使用xpath从网页刮取特定文本
I've searched and tried multiple ways to get this but I'm not sure why it won't find most of the information on the webpage.
Page to scrape: https://m.safeguardproperties.com/
Info needed: Version number for PhotoDirect for Apple (currently 4.4.0)

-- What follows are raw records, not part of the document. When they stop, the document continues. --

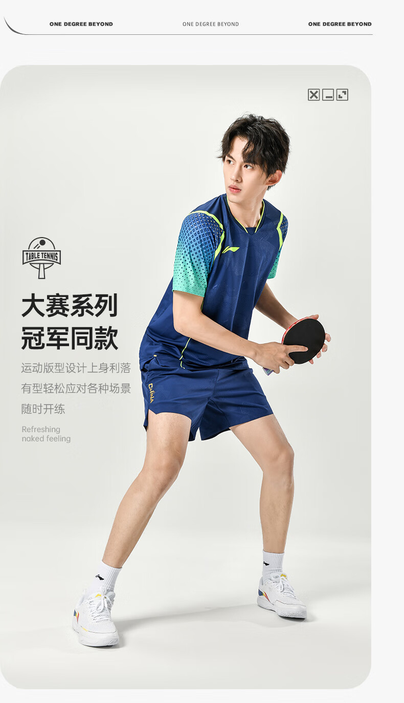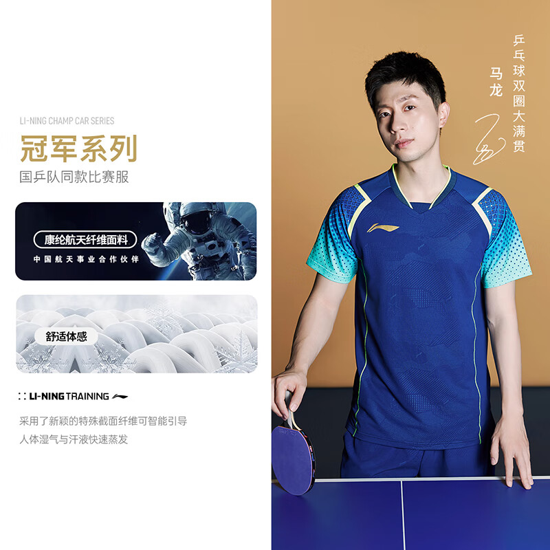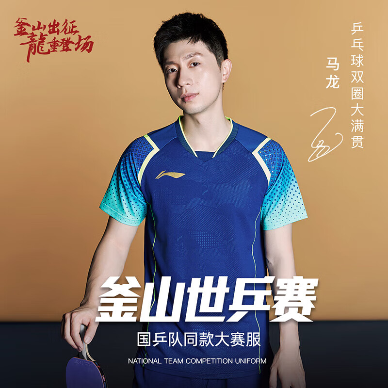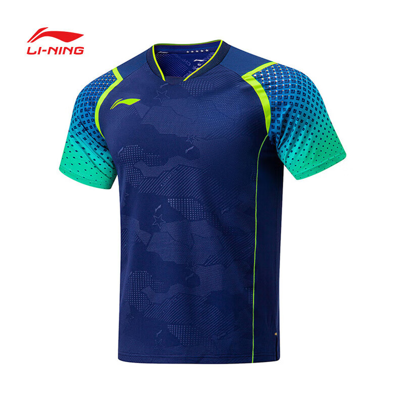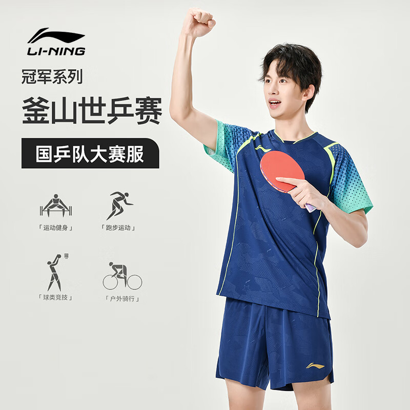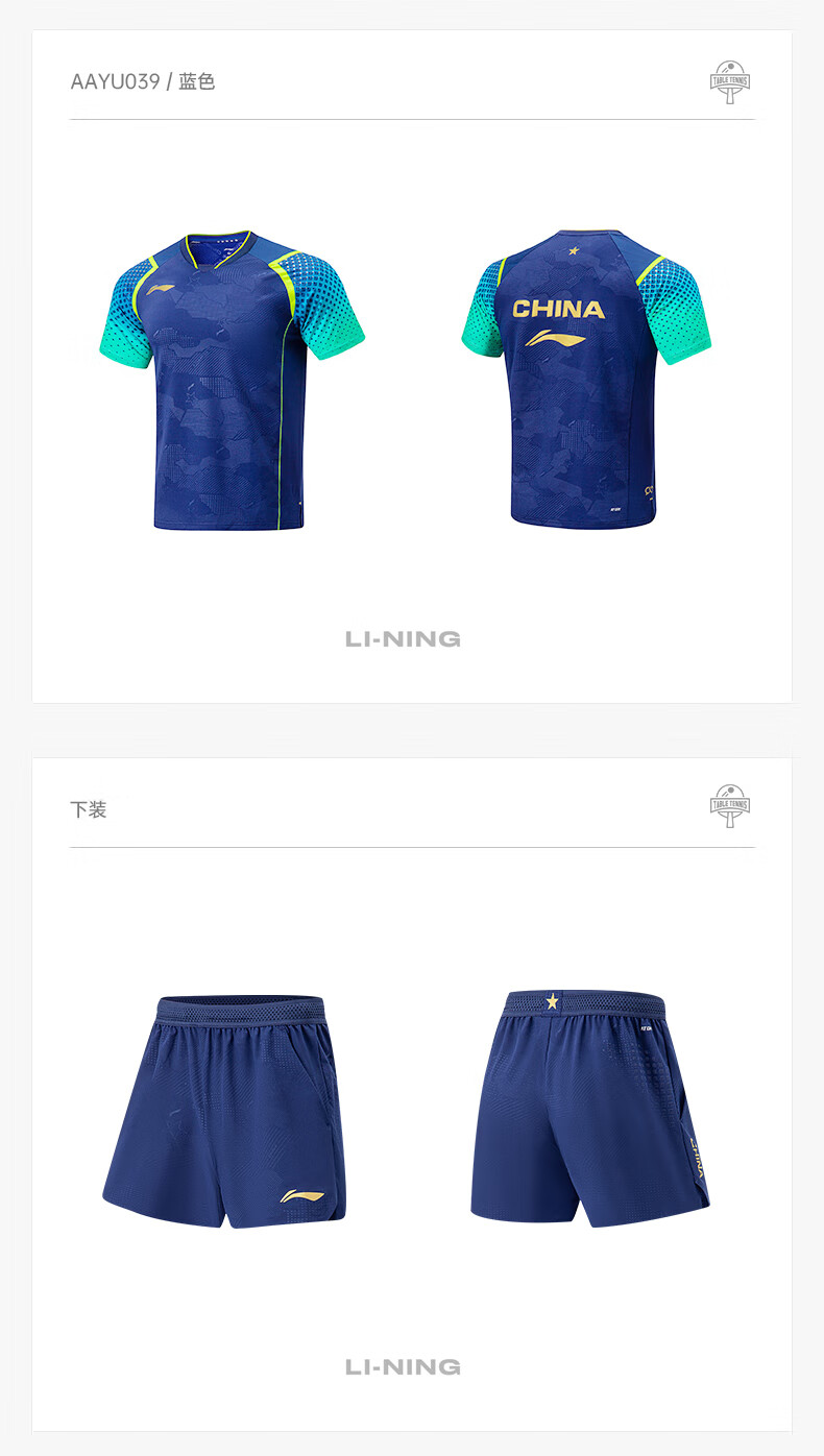 LI-NING李宁 乒乓球服 国家乒乓球队比赛短袖 国旗乒乓球服 男女同款乒乓大赛服装 AAYU039-3 蓝色 清仓特惠,原价499元,现仅需225元,售完无补!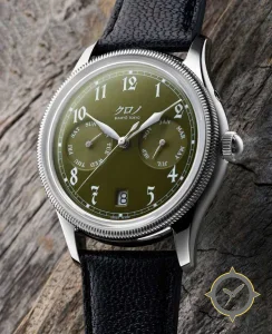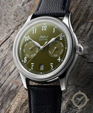 Eine Dress-Uhr mit einem 34.5mm Gehäuse im Vintage-Stil gefertigt aus Edelstahl mit einem Zifferblatt in grün und einer besonderen "matte lacquer"-Oberfläche und einer echten GMT-Funktion, mit der du eine zweite Zeitzone verfolgen kannst.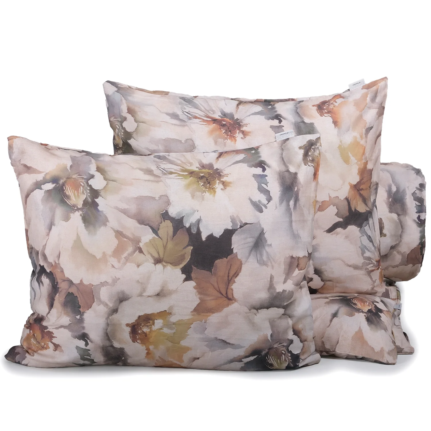 Storblommigt påslakanset i beige bruna toner. Gjort i 100% bomullssatin med en otrolig lyster och en trådtäthet på 272 TC.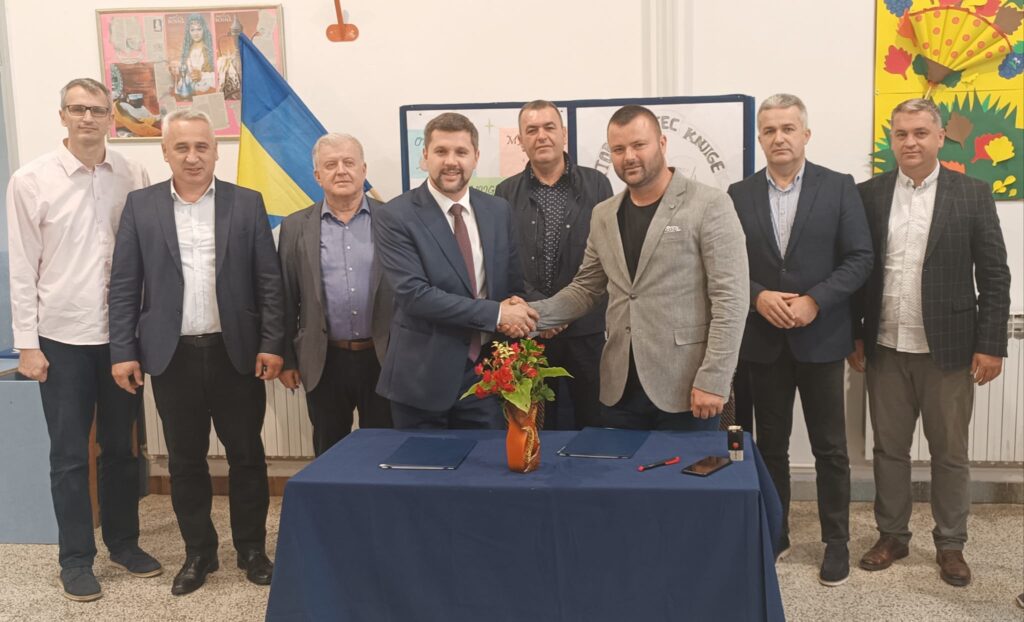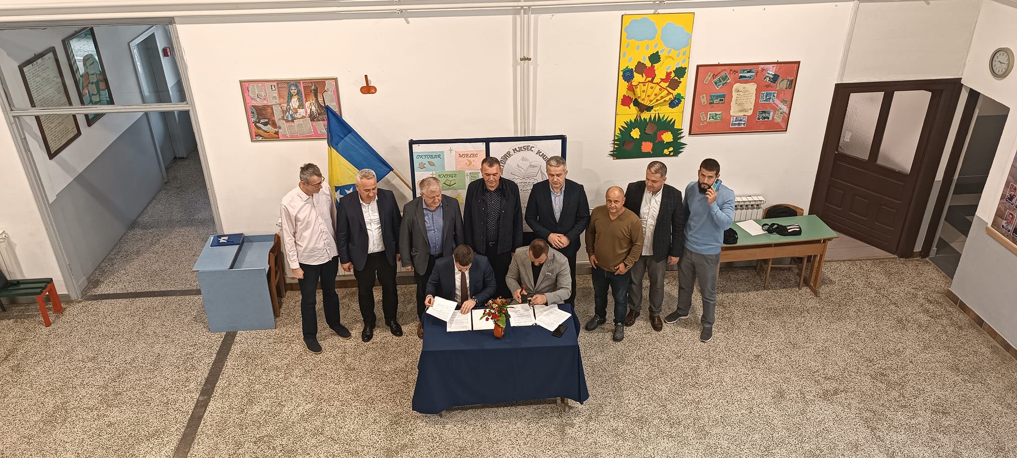 Općinski načelnik Mersudin Nanić i direktor poduzeća “Velić Kop” d.o.o Bosanska Krupa Amel Velić potpisali su danas u Čavi ugovor za izgradnju II faze fiskulturne školske sale u Čavi.

Xpath to text needed (I think) : /html/body/div[1]/div[2]/div[1]/div[4]/div[3]/a
Attempts:
<?php
$file = "https://m.safeguardproperties.com/";
$doc = new DOMDocument();
$doc->loadHTMLFile($file);
$xpath = new DOMXpath($doc);
$elements = $xpath->query("/html/body/div[1]/div[2]/div[1]/div[4]/div[3]/a");
echo "<PRE>";
if (!is_null($elements)) {
foreach ($elements as $element) {
var_dump ($element);
echo "<br/>[". $element->nodeName. "]";
$nodes = $element->childNodes;
foreach ($nodes as $node) {
echo $node->nodeValue. "
";
}
}
}
echo "</PRE>";
?>
Second Attempt:
<?PHP
$file = "https://m.safeguardproperties.com/";
$doc = new DOMDocument();
$doc->loadHTMLFile($file);
echo '<pre>';
// trying to find all links in document to see if I can see the correct one
$links = [];
$arr = $doc->getElementsByTagName("a");
foreach($arr as $item) {
$href = $item->getAttribute("href");
$text = trim(preg_replace("/[
]+/", " ", $item->nodeValue));
$links[] = [
'href' => $href,
'text' => $text
];
}
var_dump($links);
echo '</pre>';
?>
我已经搜索并尝试了多种方法来获取此信息,但我不确定为什么它找不到 网页上的信息。 p>
要刮的页面: https:/ /m.safeguardproperties.com/ p>
需要的信息: PhotoDirect for Apple的版本号(目前为4.4.0) p>
Xpath 需要的文字(我认为):/ html / body / div [1] / div [2] / div [1] / div [4] / div [3] / a p>
尝试: p>
&lt;?php
$ file =“https://m.safeguardproperties.com/";
$doc = new DOMDocument();
$ doc-&gt; loadHTMLFile($ file);
$ xpath = new DOMXpath($ doc);
$ elements = $ xpath-&gt; query(“/ html / body / div [1 ] / div [2] / div [1] / div [4] / div [3] / a“);
echo”&lt; PRE&gt;“;
if(!is_null($ elements)){
foreach($ elements as $ element){
var_dump($ element);
echo“&lt; br /&gt; [”。 $元素 - &GT;节点名称。 “]”;
$ nodes = $ element-&gt; childNodes;
foreach($ nodes as $ node){
echo $ node-&gt; nodeValue。 “
”;
}
}
}
echo“&lt; / PRE&gt;”;
?&gt;
code> pre>
第二次尝试: p>
&lt;?PHP
$ file =“https://m.safeguardproperties.com/";
$doc = new DOMDocument(); \ n $ doc-&gt; loadHTMLFile($ file);
echo'&lt; pre&gt;';
//尝试查找文档中的所有链接,看看我是否能看到正确的链接
$ links = [];
$ arr = $ doc-&gt; getElementsByTagName(“a”);
foreach($ arr as $ item){
$ href = $ item-&gt; getAttribute(“href”);
$ text = trim(preg_replace(“/ [
] + /”,“”,$ item-&gt; nodeValue));
$ links [] = [
'href'=&gt; $ href,
'text'=&gt; $ text
];
}
var_dump($ links);
echo'&lt; / pre&gt;';
?&gt;
code> pre>
div>
For that particular website, the versions are being loaded from JSON data client side, you won't find them in the base document.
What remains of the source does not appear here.